BOSTON Borough Council has been told it will need ‘all the skills and expertise’ it has to overcome the financial challenges ahead.
This was the message to the authority when the Audit Commission’s Tony Crawley spoke to council’s audit committee on Monday.
Mr Crawley, a district auditor, congratulated the council on the progress it has made in the last year, but warned ‘there’s a long way to go and the challenges facing you are very considerable’.
He was there to talk about his annual audit letter. This, members learnt, came at a fee of £11,000 more than expected, due in part to a review of the £1.9 million loan write to Boston Sports Initiative (BSI).
Mr Crawley explained because the council had decided in June the loan was not recoverable it should not be included as a debt in last year’s accounts.
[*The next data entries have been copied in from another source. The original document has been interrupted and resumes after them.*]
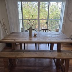 Handmade Wooden Dining Set W/bench & 2 Chairs$250San Bruno, CA
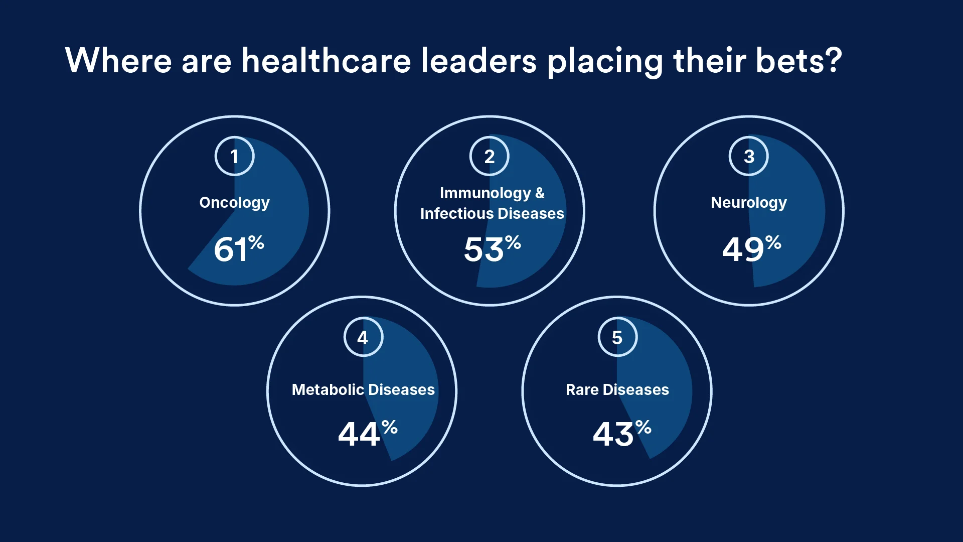 Despite the funding strain, respondents underscored the critical need to fill the pipeline with new and better healthcare solutions for the highest unmet needs in key therapeutic areas. Areas ranked highest for ongoing investigation or investment include:
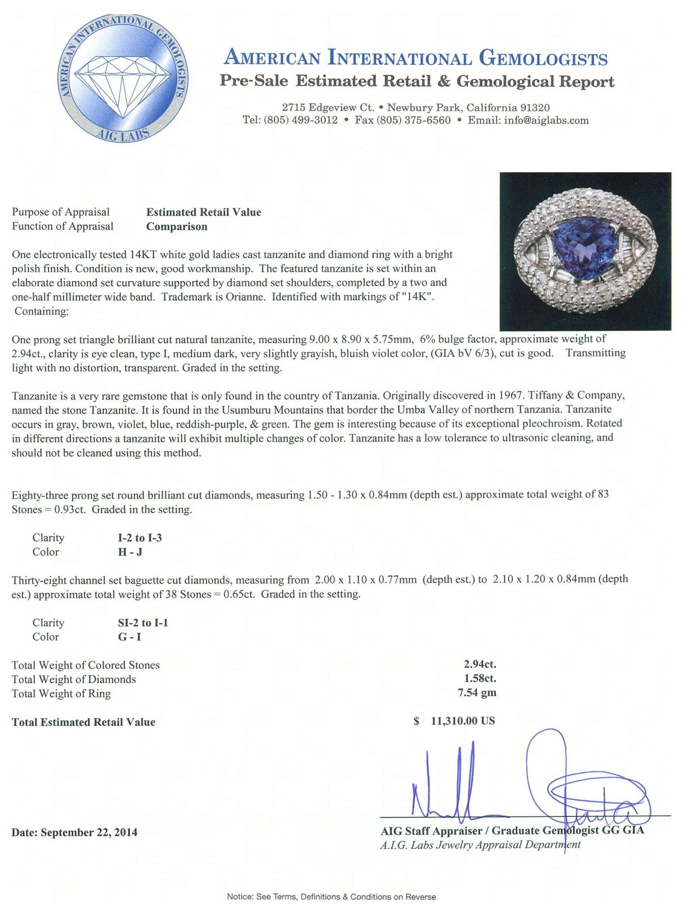 One electronically tested 14KT white gold ladies cast tanzanite and diamond ring with a bright polish finish. The featured tanzanite is set within an elaborate diamond set curvature supported by diamond set shoulders, completed by a two and one-half millimeter wide band. Trademark is Orianne. Identified with markings of "14K". Condition is new, good workmanship. Containing: One prong set triangle brilliant cut natural tanzanite, measuring 9.00 x 8.90 x 5.75mm, 6% bulge factor, approximate weight of 2.94ct., clarity is eye clean, type I, medium dark, very slightly grayish, bluish violet color, (GIA bV 6/3), cut is good. Transmitting light with no distortion, transparent. Graded in the setting. Tanzanite is a very rare gemstone that is only found in the country of Tanzania. Originally discovered in 1967. Tiffany & Company, named the stone Tanzanite. It is found in the Usumburu Mountains that border the Umba Valley of northern Tanzania. Tanzanite occurs in gray, brown, violet, blue, reddish-purple, & green. The gem is interesting because of its exceptional pleochroism. Rotated in different directions a tanzanite will exhibit multiple changes of color. Tanzanite has a low tolerance to ultrasonic cleaning, and should not be cleaned using this method. Eighty-Three prong set round brilliant cut diamonds, measuring 1.50 - 1.30 x 0.84mm (depth est.) approximate total weight of 83 Stones = 0.93ct. Graded in the setting. Clarity: I-2 to I-3. Color: H - J Thirty-Eight channel set baguette cut diamonds, measuring from 2.00 x 1.10 x 0.77mm (depth est.) to 2.10 x 1.20 x 0.84mm (depth est.) approximate total weight of 38 Stones = 0.65ct. Graded in the setting. Clarity: SI-2 to I-1. Color: G - I. Total Weight of Colored Stones 2.94ct. Total Weight of Diamonds 1.58ct. Total Weight of Ring 7.54 grams. AIG Appraised.

Councillors expressed their concern the authority had now ‘lost a valuable bargaining chip’ (in Coun John Storry’s words) with BSI over how the Princess Sports Arena it operates should be run in the future. Mr Crawley stressed the change was apolitical.
Mr Crawley said, however, there was a ‘imperative need’ to sort out leisure provision in the borough. Cabinet member Coun Richard Lenton said he agreed, going as far to say the council’s spend on leisure was, he guessed, ‘about 50 per cent too high, maybe more’.
A report by the borough’s chief executive, Richard Harbord, on leisure provision is due to go before cabinet members on Wednesday.